### Exercise aim
Omitting every picture, copy the lines from the one that contains "Mini-bag with drawstring" through the last line of the records below, exactly and with nothing added.

--- START ---

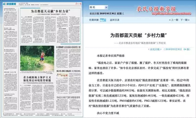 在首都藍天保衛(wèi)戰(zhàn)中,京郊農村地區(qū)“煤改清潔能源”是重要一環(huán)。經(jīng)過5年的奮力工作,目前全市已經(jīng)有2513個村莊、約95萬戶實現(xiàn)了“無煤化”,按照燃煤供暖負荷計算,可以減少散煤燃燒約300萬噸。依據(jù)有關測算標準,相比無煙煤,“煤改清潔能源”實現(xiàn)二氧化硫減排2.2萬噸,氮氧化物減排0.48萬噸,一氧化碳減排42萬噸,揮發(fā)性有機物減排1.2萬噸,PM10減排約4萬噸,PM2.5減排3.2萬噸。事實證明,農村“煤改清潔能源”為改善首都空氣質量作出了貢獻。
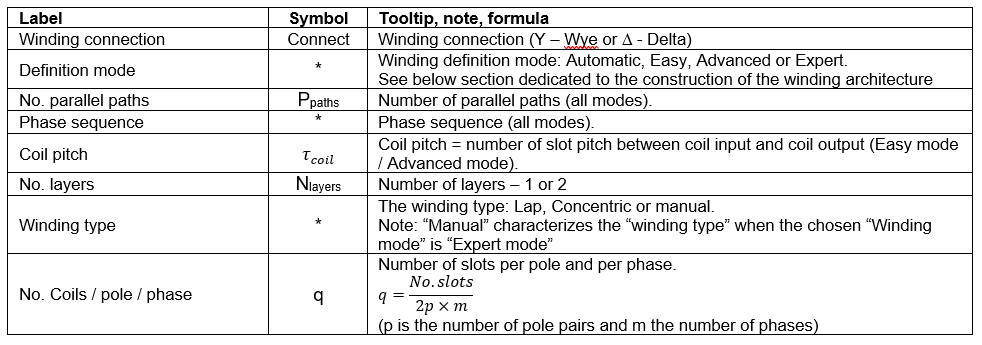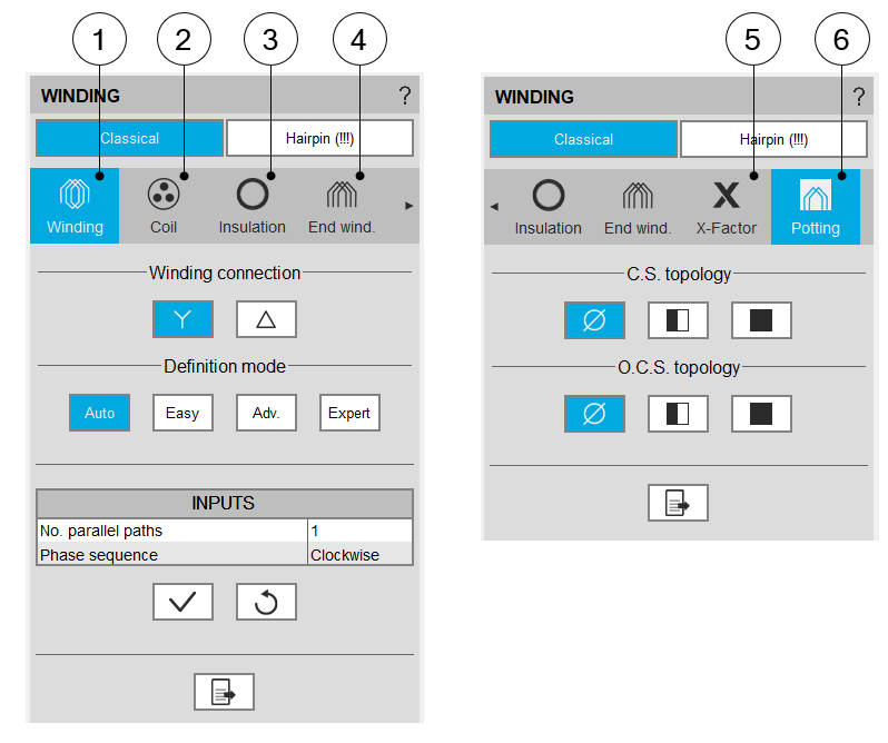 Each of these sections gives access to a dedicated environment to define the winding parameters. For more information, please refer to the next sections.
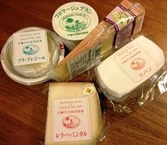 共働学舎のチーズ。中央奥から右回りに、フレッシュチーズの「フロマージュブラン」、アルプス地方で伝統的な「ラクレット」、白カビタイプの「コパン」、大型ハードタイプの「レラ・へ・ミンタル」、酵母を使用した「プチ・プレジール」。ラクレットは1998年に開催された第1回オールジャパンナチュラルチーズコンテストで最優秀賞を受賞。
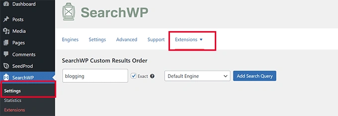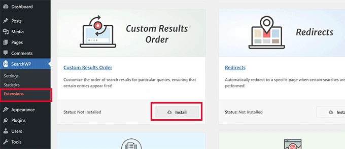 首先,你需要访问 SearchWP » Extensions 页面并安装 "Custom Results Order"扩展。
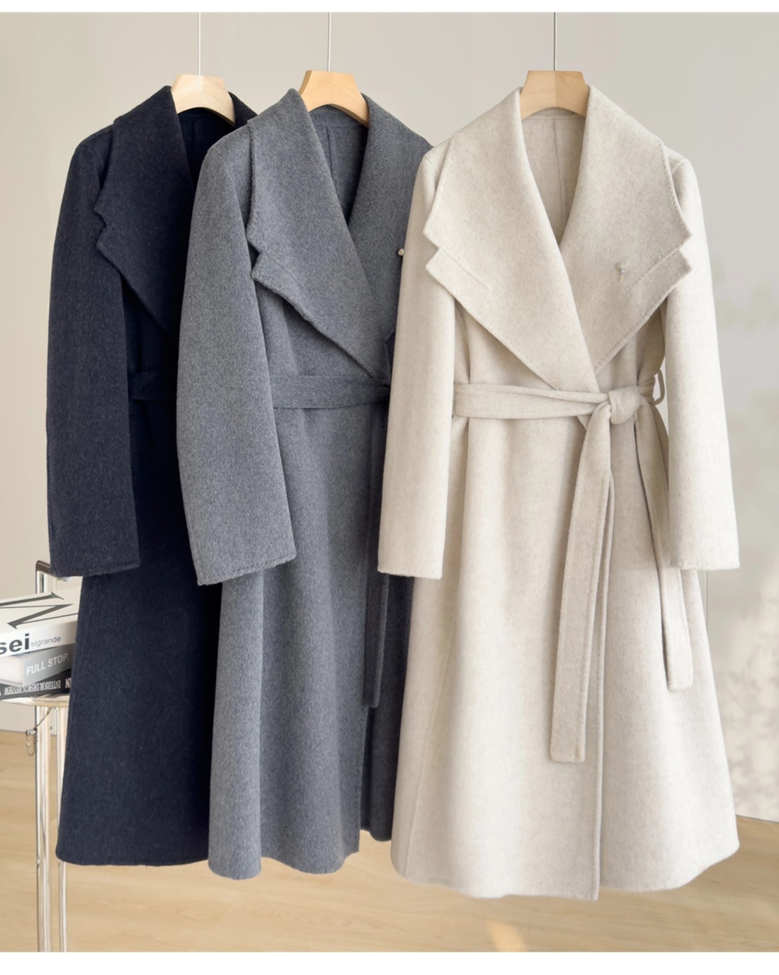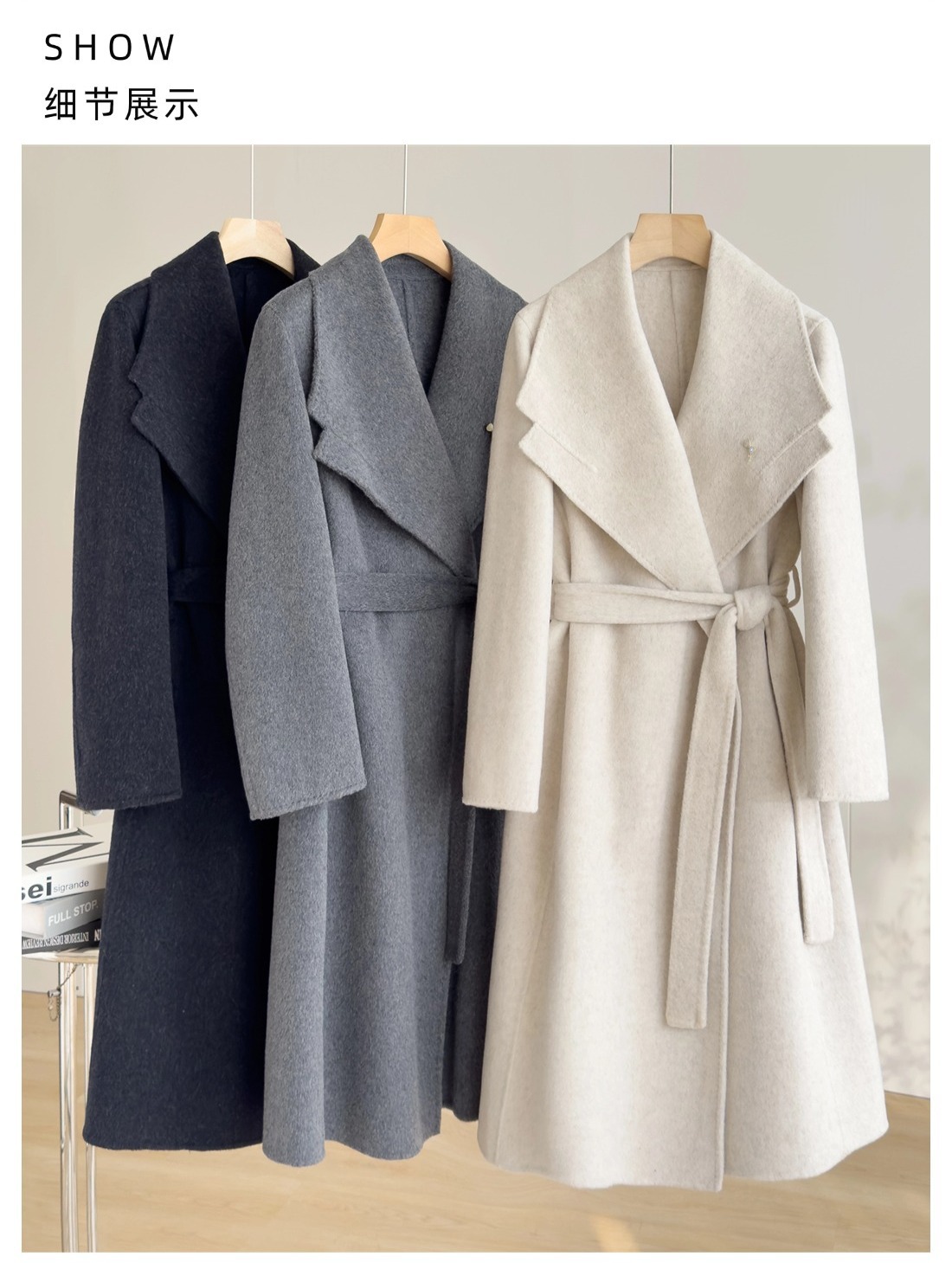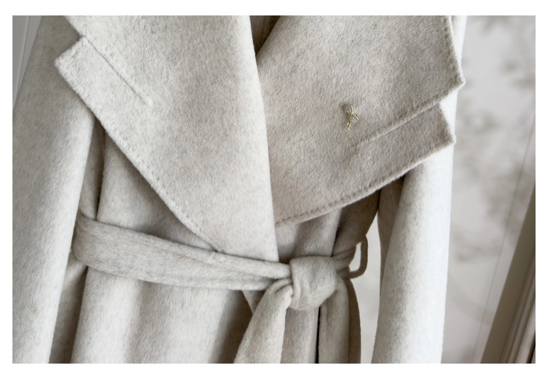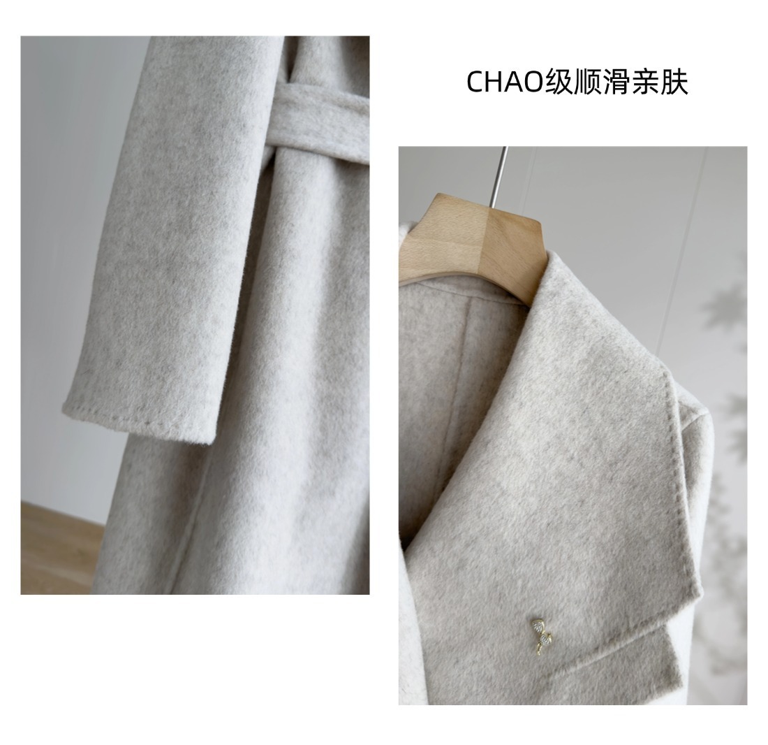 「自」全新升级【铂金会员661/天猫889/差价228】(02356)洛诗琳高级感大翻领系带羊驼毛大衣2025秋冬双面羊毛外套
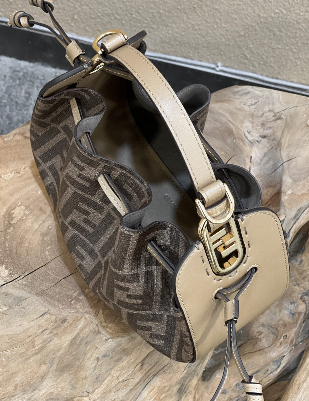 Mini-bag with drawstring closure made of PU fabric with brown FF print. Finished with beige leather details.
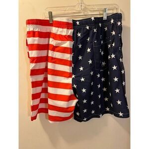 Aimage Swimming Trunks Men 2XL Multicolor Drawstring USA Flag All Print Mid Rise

--- END ---

### Expected answer
 Mini-bag with drawstring closure made of PU fabric with brown FF print. Finished with beige leather details.
 Aimage Swimming Trunks Men 2XL Multicolor Drawstring USA Flag All Print Mid Rise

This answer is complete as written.